++++ ENTRIES PROVIDED

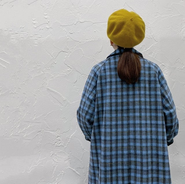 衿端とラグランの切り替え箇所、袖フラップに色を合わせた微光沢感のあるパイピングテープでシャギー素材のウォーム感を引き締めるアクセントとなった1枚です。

++++++++
++++ ENTRIES PROVIDED

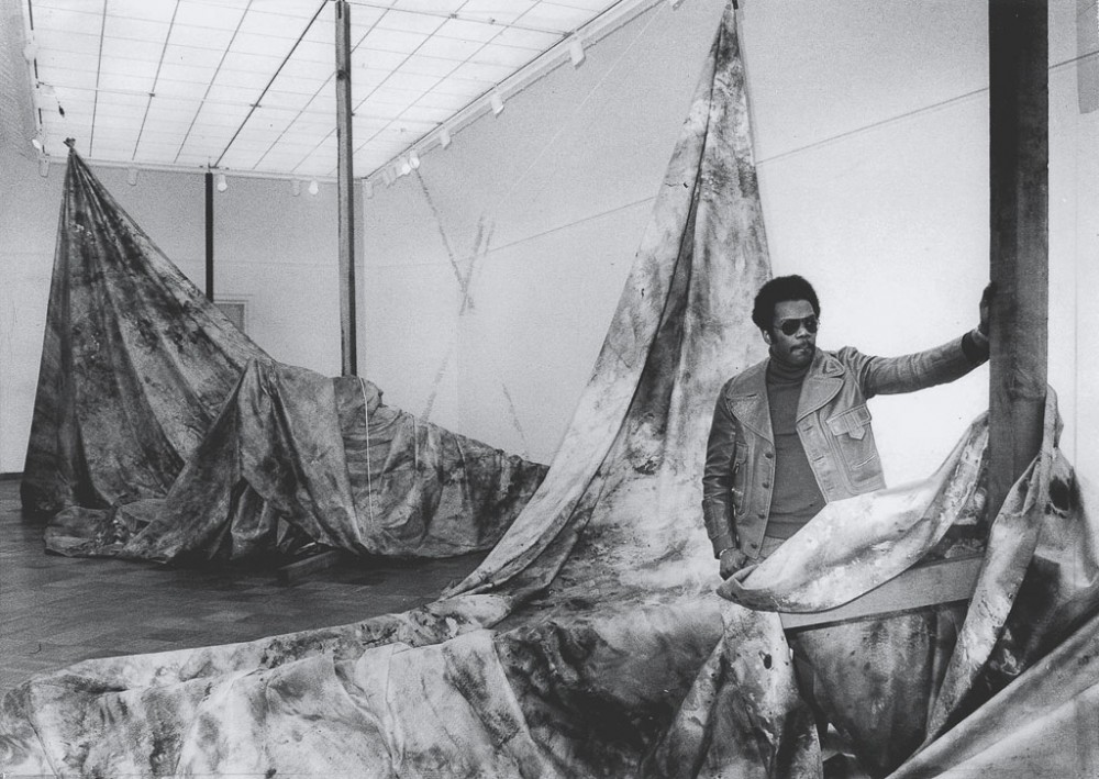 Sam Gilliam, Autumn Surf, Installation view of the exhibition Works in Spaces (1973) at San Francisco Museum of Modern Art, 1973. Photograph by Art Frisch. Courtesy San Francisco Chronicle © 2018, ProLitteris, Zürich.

++++++++
++++ ENTRIES PROVIDED

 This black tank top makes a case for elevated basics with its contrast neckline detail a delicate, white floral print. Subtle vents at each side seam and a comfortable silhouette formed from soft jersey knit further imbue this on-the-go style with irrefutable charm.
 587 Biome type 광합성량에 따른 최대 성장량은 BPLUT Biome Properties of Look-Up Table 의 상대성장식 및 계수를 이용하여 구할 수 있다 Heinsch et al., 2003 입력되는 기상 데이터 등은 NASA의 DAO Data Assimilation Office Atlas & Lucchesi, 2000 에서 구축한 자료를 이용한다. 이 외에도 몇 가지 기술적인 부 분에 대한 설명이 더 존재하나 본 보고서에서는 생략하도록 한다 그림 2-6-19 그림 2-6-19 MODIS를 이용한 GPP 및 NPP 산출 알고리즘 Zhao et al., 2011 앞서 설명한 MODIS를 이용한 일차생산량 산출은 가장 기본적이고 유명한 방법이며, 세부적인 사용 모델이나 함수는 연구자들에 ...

++++++++

▶ _WORK ORDER_
Using the data above, transcribe the lines that run from the line with "This black tank" to the line with "587 Biome type", both ends kept, and output nothing else.

▶ _TASK SOLUTION_
 This black tank top makes a case for elevated basics with its contrast neckline detail a delicate, white floral print. Subtle vents at each side seam and a comfortable silhouette formed from soft jersey knit further imbue this on-the-go style with irrefutable charm.
 587 Biome type 광합성량에 따른 최대 성장량은 BPLUT Biome Properties of Look-Up Table 의 상대성장식 및 계수를 이용하여 구할 수 있다 Heinsch et al., 2003 입력되는 기상 데이터 등은 NASA의 DAO Data Assimilation Office Atlas & Lucchesi, 2000 에서 구축한 자료를 이용한다. 이 외에도 몇 가지 기술적인 부 분에 대한 설명이 더 존재하나 본 보고서에서는 생략하도록 한다 그림 2-6-19 그림 2-6-19 MODIS를 이용한 GPP 및 NPP 산출 알고리즘 Zhao et al., 2011 앞서 설명한 MODIS를 이용한 일차생산량 산출은 가장 기본적이고 유명한 방법이며, 세부적인 사용 모델이나 함수는 연구자들에 ...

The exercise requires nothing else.